By Mario Ricciardi
Making a Christmas break splash is DC Comics’ “Aquaman” directed by James Wan. “Aquaman” stars — and don’t hold your breath — Jason Momoa, Amber Heard, Patrick Wilson, Yahya Abdul-Manteen II, Dolph Lundgren, Nicole Kidman, Willem Dafoe and Randall Park. Wait, I’m not done yet. Julie Andrews also shows up in an uncredited role to stick it to Disney.
Yup. Read closely Disney, Julie Andrews passed up a cameo in “Mary Poppins Returns” to act in an Aquaman movie. Not hurt enough? It’s a minor voice acting role. Note to editor: can we please put that photo of the animated “Aquaman” riding a seahorse here?
I can’t believe I just called out the Walt Disney Corporation in a public form of communication. If this makes it to print, and your fifth favorite movie critic goes missing, tell the cops to start at the House of Mouse. Be blunt about it if you suggest it, they might think it was you. Who am I kidding, the cops are probably in on the take. If I’m ever to be avenged and it’s not too much trouble with me down there as fifth favorite, take matters into your own hands.
“Aquaman” is as much an ensemble cast as can be, and it’s hard not to wonder whether or not the group decided to be in the movie just to stick it to the powers that be (not just “Mary Poppins”). “Aquaman” is joyously goofy, jumps all over the place tonally and under James Wan’s direction the actors totally sell it.
From technical and visual standpoints the film is breathtaking. Director James Wan is a little genius, (I say “little” because IMDb has his height listed as 5’3 ½”). Sure, IMDb won’t give me Steven Spielberg’s contact information to pitch my movie to him, but they’ll let me know which directors can ride roller coasters at Cedar Point.
It should be noted that James Wan, director of mind-bending horror flicks “Saw,” “Insidious,” “Insidious: Chapter 2” and “The Conjuring” films, succeeds in the action genre as well. That comment is mostly due to his work on “Fast and Furious 7” — the only “Fast and Furious” I will allow myself to break the bonds of masculinity to cry at. Ultimately, “Aquaman” is an action movie, too. Its tone is just too scattered to pigeonhole it there.
Hey, speaking of liquids leaving my body, I am going to take it upon myself to warn you that “Aquaman” is not the movie to drink fluids before. There is so much water in the movie. So. Much. Water. It’s everywhere you look. And, yeah, I guess with the hero’s namesake I should’ve seen that coming, but you know what, I’m not going to defend myself here. Let’s just say I blame the marketing guys, and I squirmed through the second half of the movie for this review’s sake. I would hope that effort bumps me up to at least fourth favorite movie reviewer.
As “Aquaman” progresses, it slips into a sillier and sillier version of what the DC Comics movies originally set out to do with the character.
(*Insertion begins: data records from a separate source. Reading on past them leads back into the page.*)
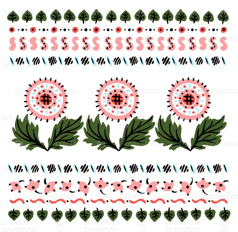 Набор этнических элементов. Бордюр представляет собой полосу с цветами, листьями, ветками, вензелями. Народная вышивка. Славянский, украинский, русский мотив. Хохлома, матрешка, дымковская игрушка. Мексиканский, индийский, цыганский ковер. Вязаное кружево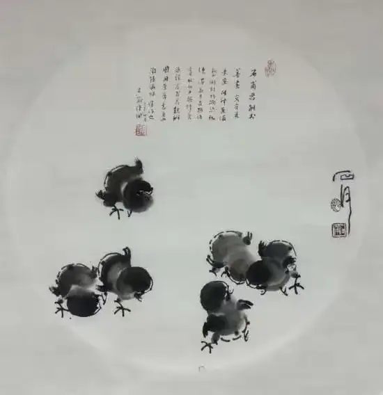 中国是一个诗的国度,充满诗意的美,好的花鸟画,既要画出自然界花鸟的生命,更要写出画家对生命万物的感悟。著名美术理论家马鸿增曾将范石甫写意花鸟画的艺术特质概括为三点:充沛丰富的生命精神,精练生动的笔墨语言,交融互补的诗书画印结构。纵观范石甫的雏鸡系列画作,也处处体现着“天人合一”的理念,赋予其灵魂与生命,也象征着人的理想精神。正如他一幅作品题词所言:“从小默默无闻 长大一鸣惊人”。诗与画交互融合令人沉醉其间,具有极强的艺术感染力,这大概也是范石甫内心的真实写照。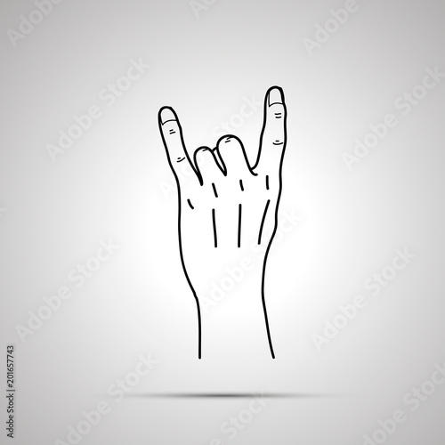 Fototapeta premium Cartoon hand in corna gesture, simple outline icon on gray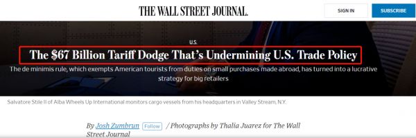 华尔街日报曾报道,一批跨境卖家会把货物运到港口之后,转进报税卡车进入墨西哥境内,再转至墨西哥保税仓,接着委托服务商将大批货物拆散,化整为零,成为de minimis后进入美国市场。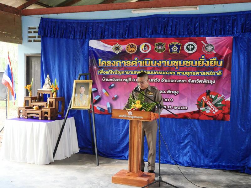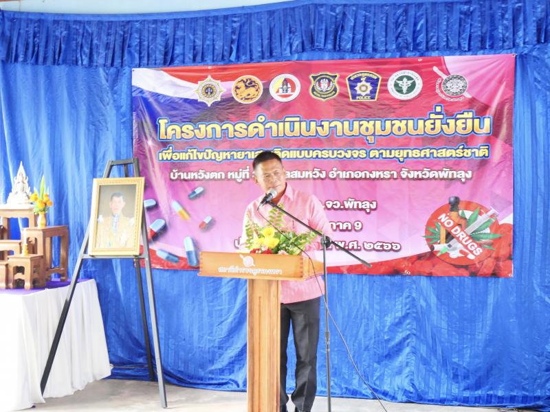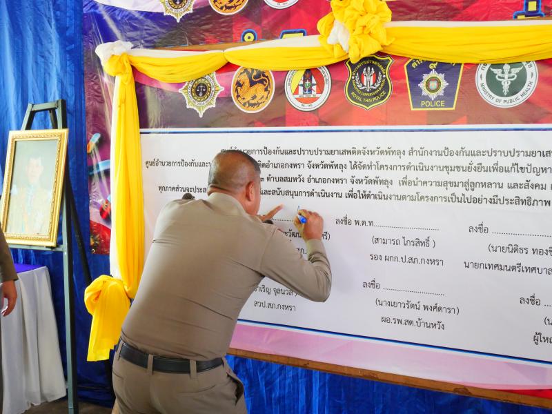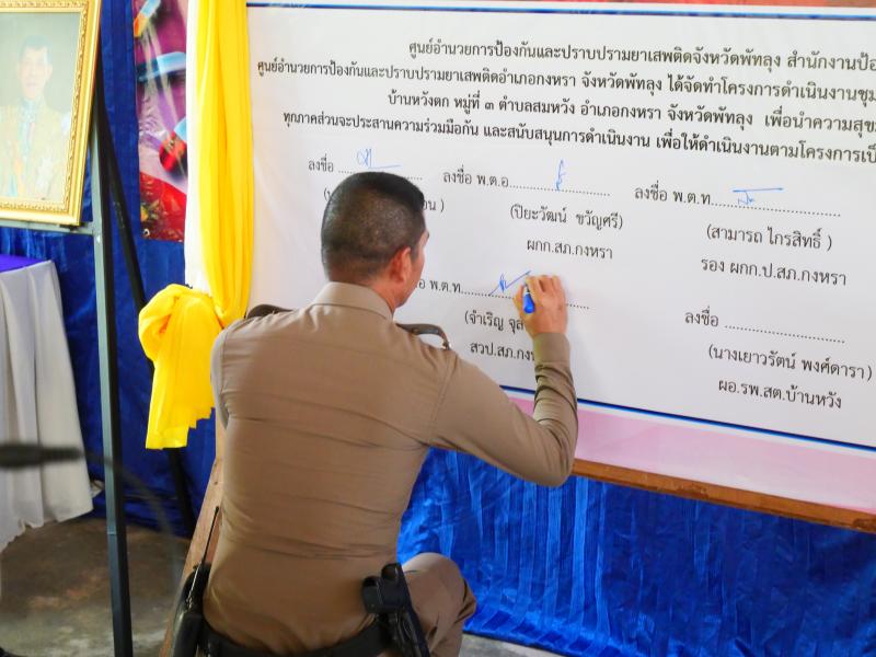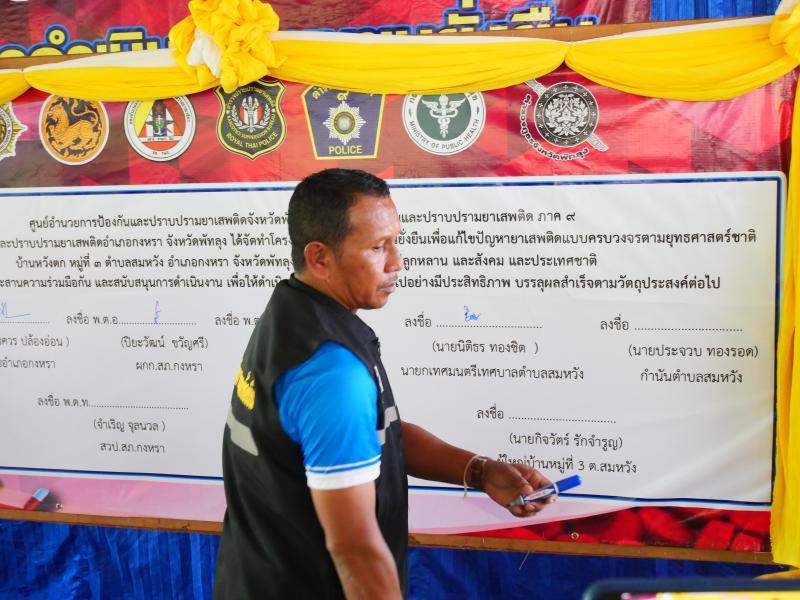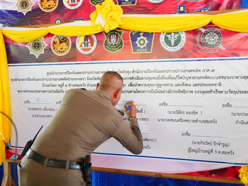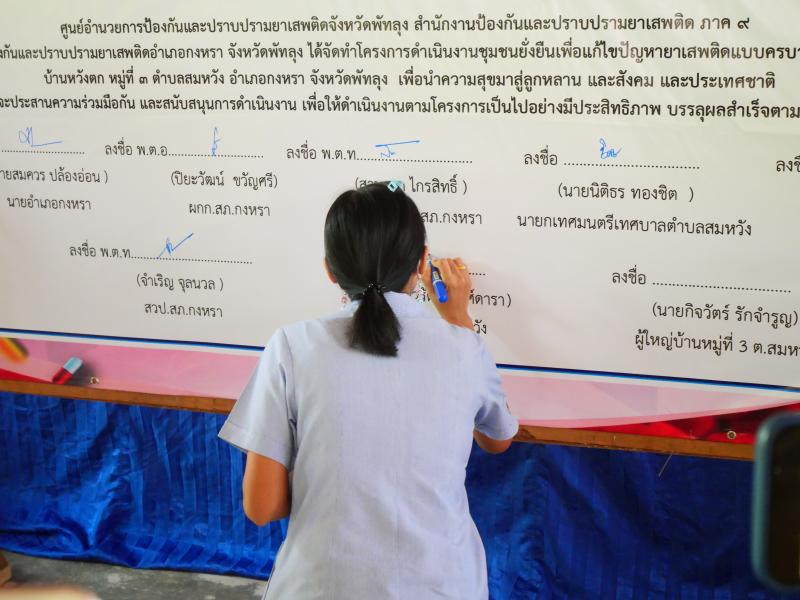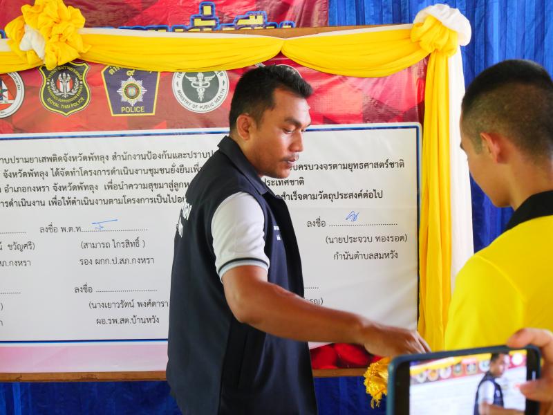 ร่วมกับศูนย์อำนวยการป้องกันและปราบปรามยาเสพติดจังหวัดพัทลุง สำนักงานป้องกันและปราบปรามยาเสพติด ภาค9 อำนวยการป้องกันและปราบปรามยาเสพติดอำเภอกงหรา จังหวัดพัทลุง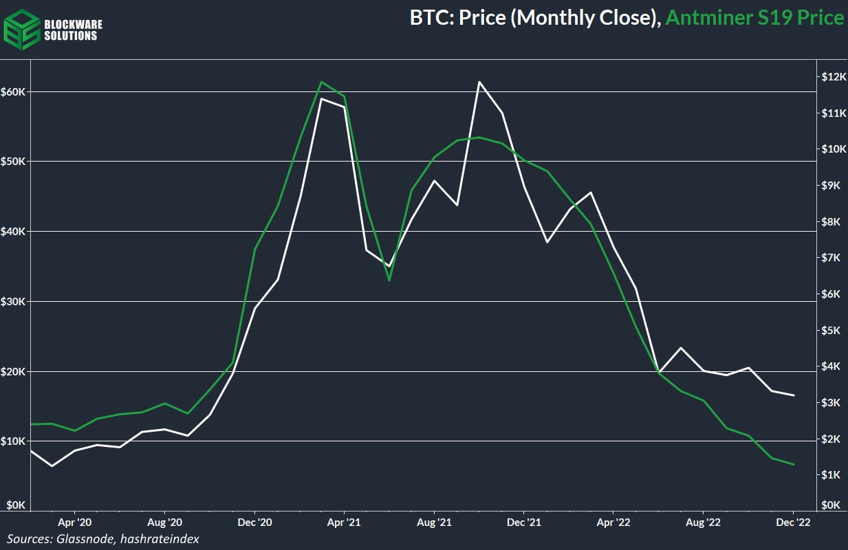 A continuación se muestra el precio de mercado histórico de una máquina S19 95T (34,2 W/TH) según el índice Hashrate. Los mineros sobreapalancados están siendo liquidados activamente, lo que obliga a sus acreedores a tomar posesión y, en ocasiones, vender miles de plataformas usadas en el mercado secundario.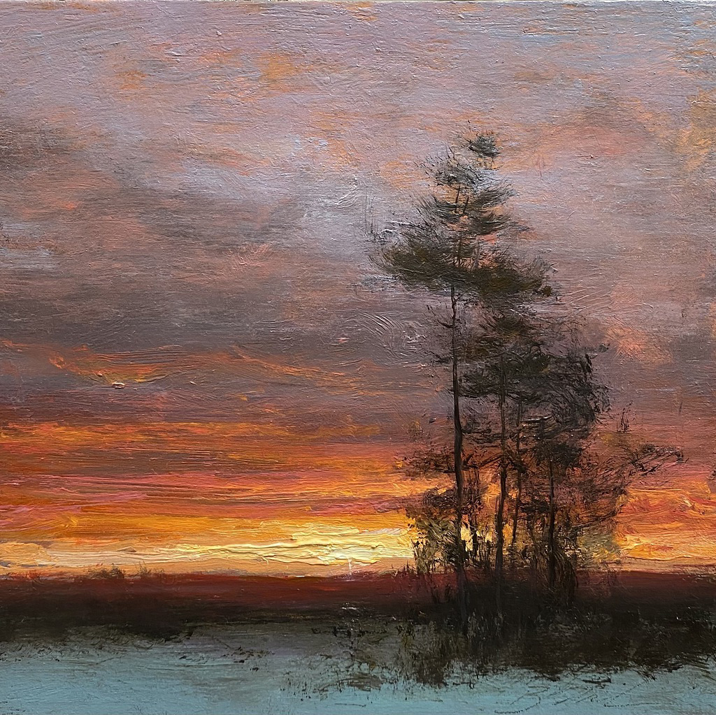 Winter Embers, 6x6, oil on Ampersand Gessobord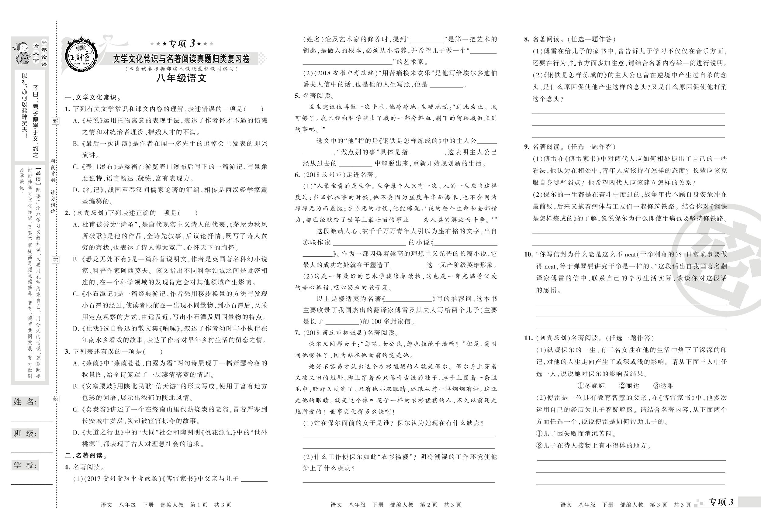 王朝霞期末专项卷——文学文化常识与名著阅读、综合性学习真题归类复习卷八年级下册语文(人教版)_R210802174033【0】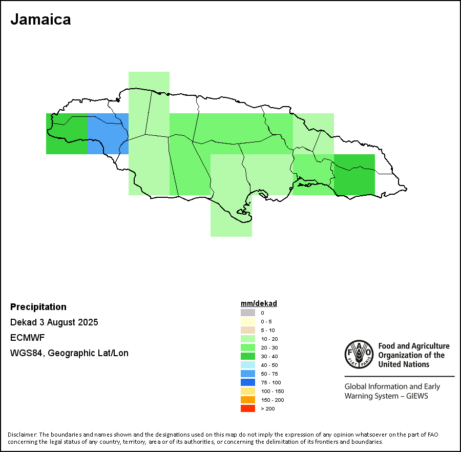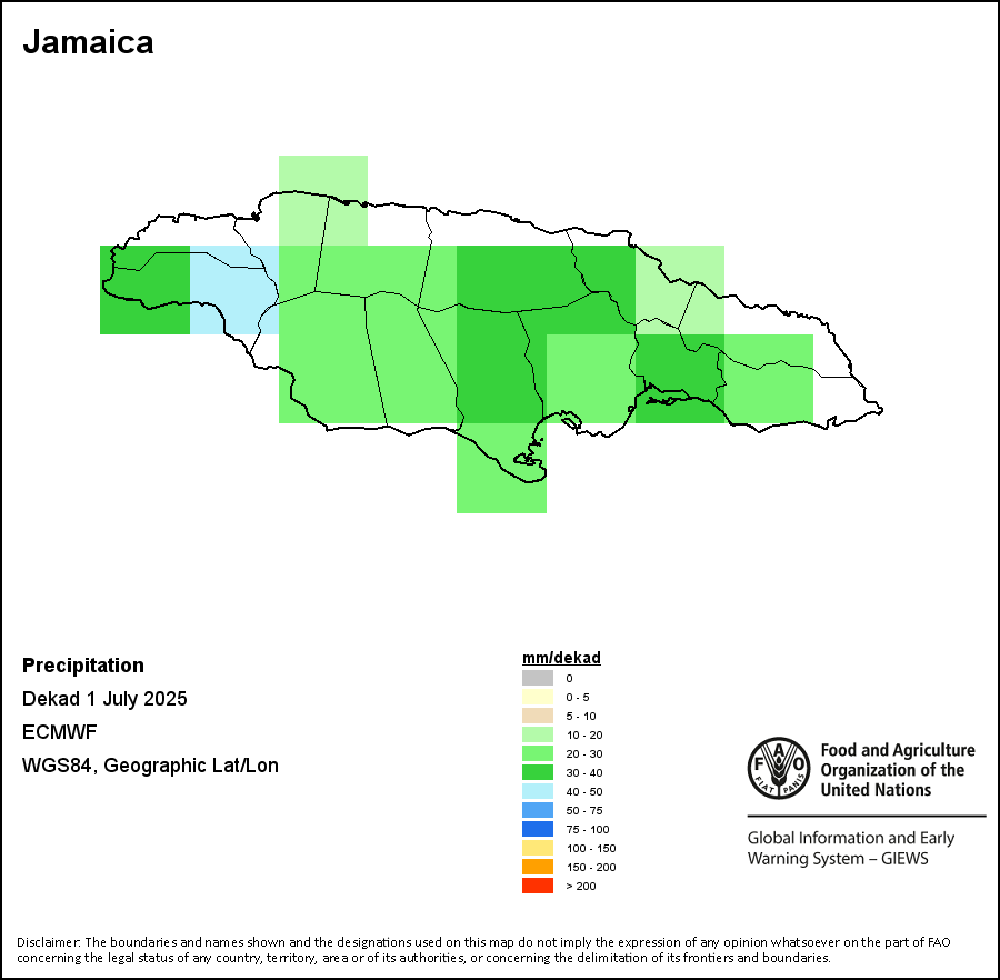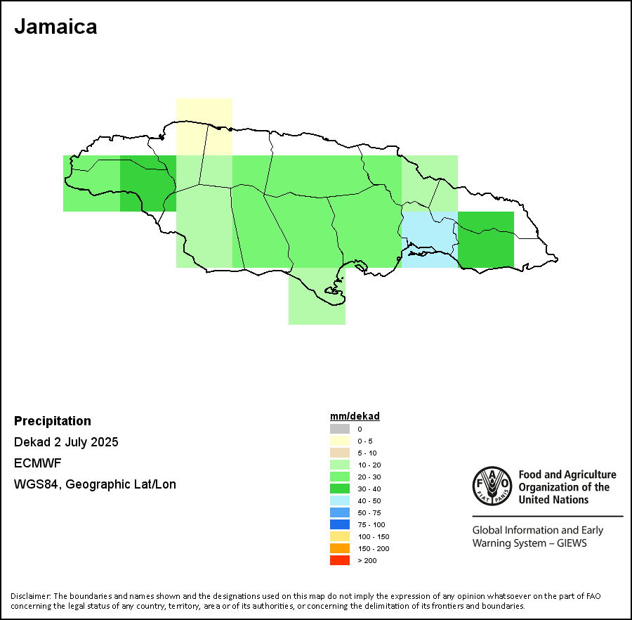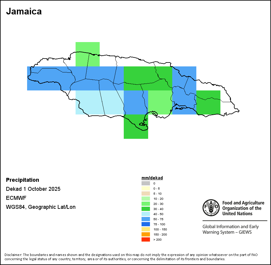 该图谱显示了每一旬(十天)的累积降水量。 所有非洲国家的降水量估算(除佛得角和毛里求斯外)均取自NOAA/FEWSNet,其他国家则取自ECMWF。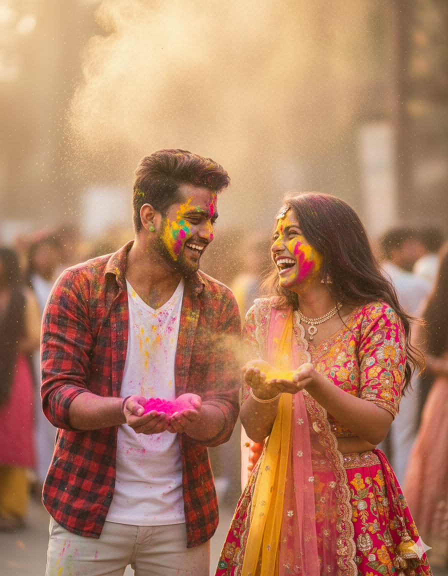 and romantic atmosphere. Add soft sunlight with a golden glow, colorful powder mist in the air, and a lively crowd in the background with a creamy bokeh effect. Ultra-detailed faces, natural skin texture, sharp focus, shallow depth of field, cinematic color grading, DSLR photography style, 85mm lens look, HDR, 4K quality, photorealistic, vertical composition (9:16).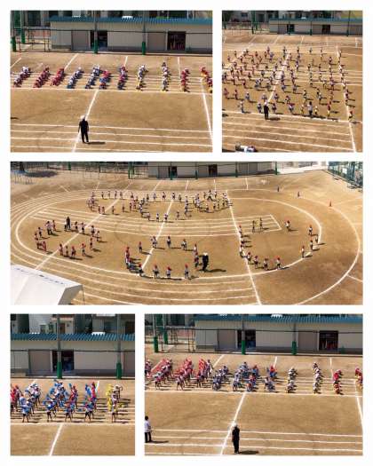 団体演技の練習では、隊形(位置)の確認をしています。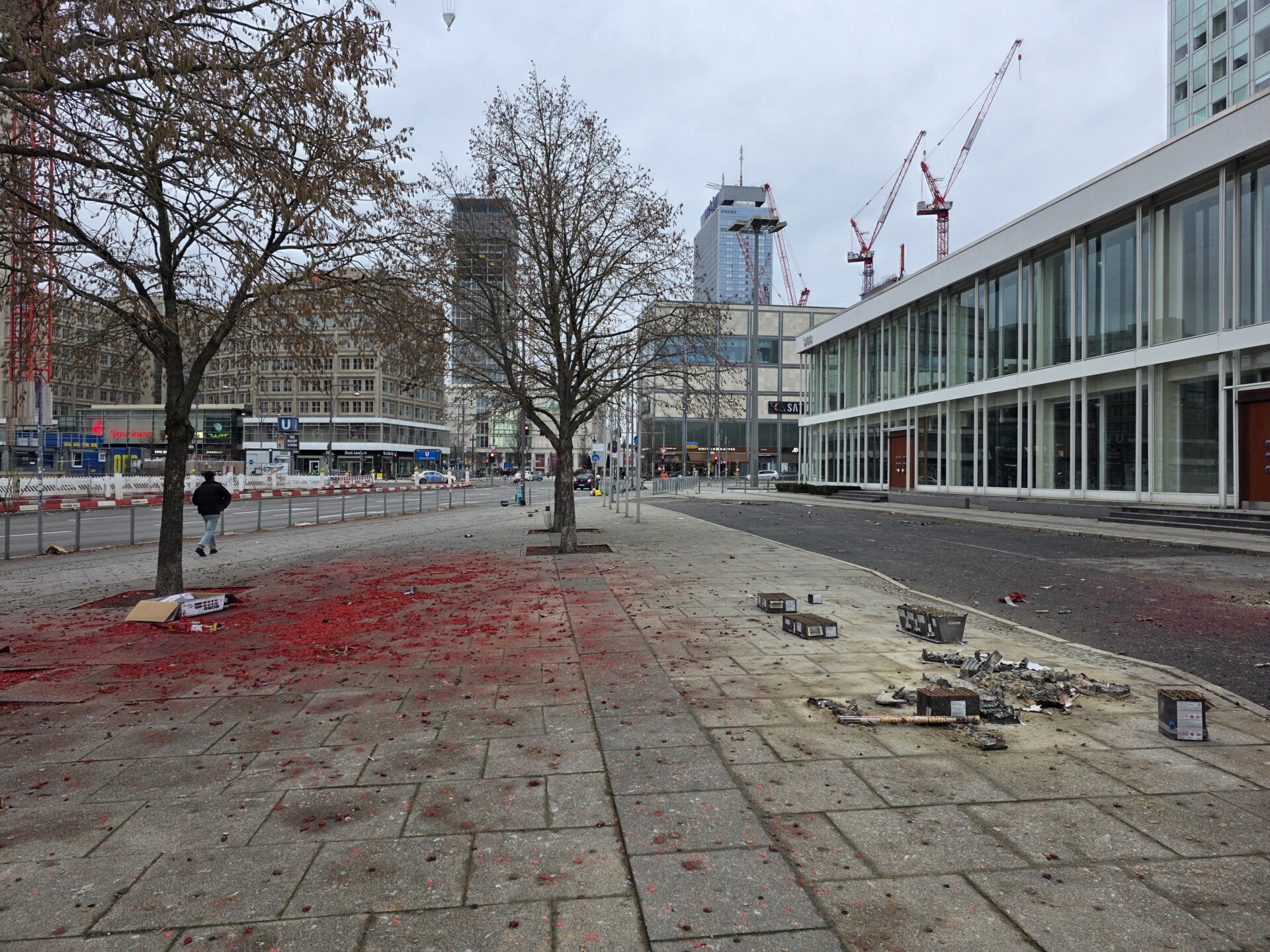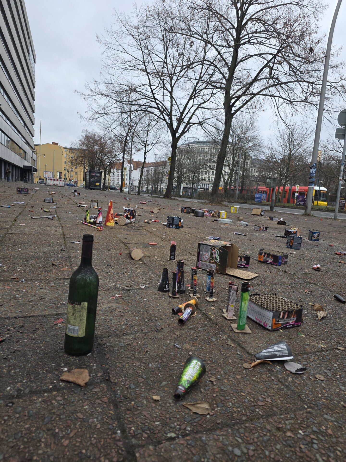 Omkring kl. 22 gik vi en tur. Der var allerede godt gang i fyrværkeriet. I år er zonen med fyrværkeri-forbud udvidet, så det nu gælder på begge sider af Alexanderplatz St., og dermed også omkring Fjernsynstårnet. Alle blev kropsvisiteret af de tungt udstyrede betjente for at få lov at komme ind på Alexanderplatz. Casper fremviste for en sikkerheds skyld vores lille rest af knaldperler, og så blev vi vist betragtet som harmløse og slap ind med en meget let kropsvisitation, mens andre virkelig blev ’klappet’ overalt.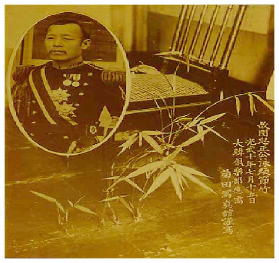 1906년 7월 5일자 대한 매일신보 는 이렇게 기록하고 있다. `공의 집에 푸른 대나무가 자라났다. 생시에 입고 있었던 옷을 걸어두었던 협방 아래서 푸른 대나무가 홀연히 자라난 것이라 한다. 이 대나무는 선죽과 같은 것이니 기이하다`신문 보도대로 민영환이 순국한 지 8개월 후,피묻은 옷을 간직했던 방에서 청죽이 솟아올랐다. 또하나의 기적은, 죽은 자리에서 피어난 바로 그 대나무의 45개의 입사귀는 순국할 때의 나이와 같은 숫자여서 더욱 신기하게 여겨졌다.

Zack Snyder’s approach to “Aquaman” was to make him cool, James Wan’s approach is to search deep down for what makes “Aquaman” who he is and then completely own it without remorse.
On a side, if you take the kernels of wisdom from that last sentence my review just taught you how to survive high school. Third favorite reviewer now?
“Aquaman” offers a unique blend of tones and visuals to offer a very exciting movie. In a time when comic book movies are taken so seriously, “Aquaman” reminds that these are comic book movies that we are taking seriously. Let me repeat that, just because we’re here right now: these are comic book movies that we are taking seriously.